The GMDA accompanied by approximately 700 police personnel had initiated the eviction drive in the Silsako Beel wetland area. It targeted the alleged encroachment on approximately 130 bighas of land. 

As fears of forcible eviction from their homes escalated, women from the affected areas in an act of defiance and desperation shed their clothes, exposing themselves, in a gut wrenching attempt to protect their hard-earned belongings and homes. Police quickly moved in to provide cover and subsequently even detained these women, along with other protesters.

Over the past three days prior to their eviction, there had been meetings with authorities regarding eviction which ultimately culminated in an agreement. The District Commissioner informed the affected individuals about the compensation they would receive. Chief Minister Sarma, speaking to reporters in Nagaon, had also stated that he will construct flats for those who were landless and evicted, “There was a discussion with the public for the last three days and the eviction was done after reaching an understanding. The district commissioner had informed the people about the compensation to be paid. We will build flats for the landless evicted people.”

Local residents have also stringently claimed they had owned the lands for decades and possessed valid land documents. They have stated that they had been consistently paying taxes to the authorities over the years and many have also claimed they were not given sufficient time to relocate their belongings, as the police pressed for a swift eviction. Furthermore, reports have also arose that the eviction process was selective in targeting. A relatively well-off property, which had a hotel constructed on it at the site was not demolished or called to face eviction.

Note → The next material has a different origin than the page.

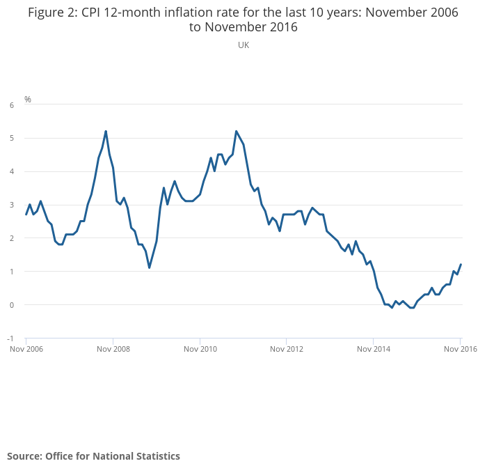 The CPI 12-month rate (the amount prices change over a year) between November 2015 and November 2016 stood at 1.2%. This means that a basket of goods and services that cost £100.00 in November 2015 would have cost £101.20 in November 2016.
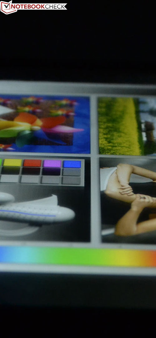 Die Blickwinkel sind Technologie-bedingt bei einem IPS-Panel nahezu absolut, da macht auch das Trekstor Surftab Ventos 10.1 keine Ausnahme. Selbst bei extremen Sichtwinkeln bleiben die Farben stabil, nur die Helligkeit und der Kontrast verringern sich geringfügig. Allerdings sind bei dunklen Bildinhalten am Bildrand helle Lichthöfe zu erkennen, bei hellen Bildinhalten weist unser Testgerät zwei aufgehellte Bildfehler auf. Im Alltagsbetrieb fallen diese Mängel dennoch weniger störend auf.

It is worth mentioning that in the Bodo land Territorial Region an autonomous council within Assam governed by the Sixth Schedule of the Constitution, eviction notices were issued selectively a month ago. These notices predominantly affected Muslim communities across various districts, impacting around 17,000 families. However, the Gauhati High Court later imposed a stay on these eviction notices and GMDA Chairman Narayan Deka promised proper compensation for those affected by the eviction. 

This is not there first time Silsako has faced eviction drives. In February, earlier this year a major eviction drive was taken out, according to India Today NE. The drive had led to the eviction of 300 people and also the demolition of two temples. Furthermore, in July 2023 too there was news of demolitions, there were huge protests in the area. However, in the case of Silako Beel many remained steadfast in their determination not to leave the area until justice is served for those previously evicted. Silsako has notably seen recurrent eviction drives over the years. According to NewsClick, these drives can be tracked back as far to 2008.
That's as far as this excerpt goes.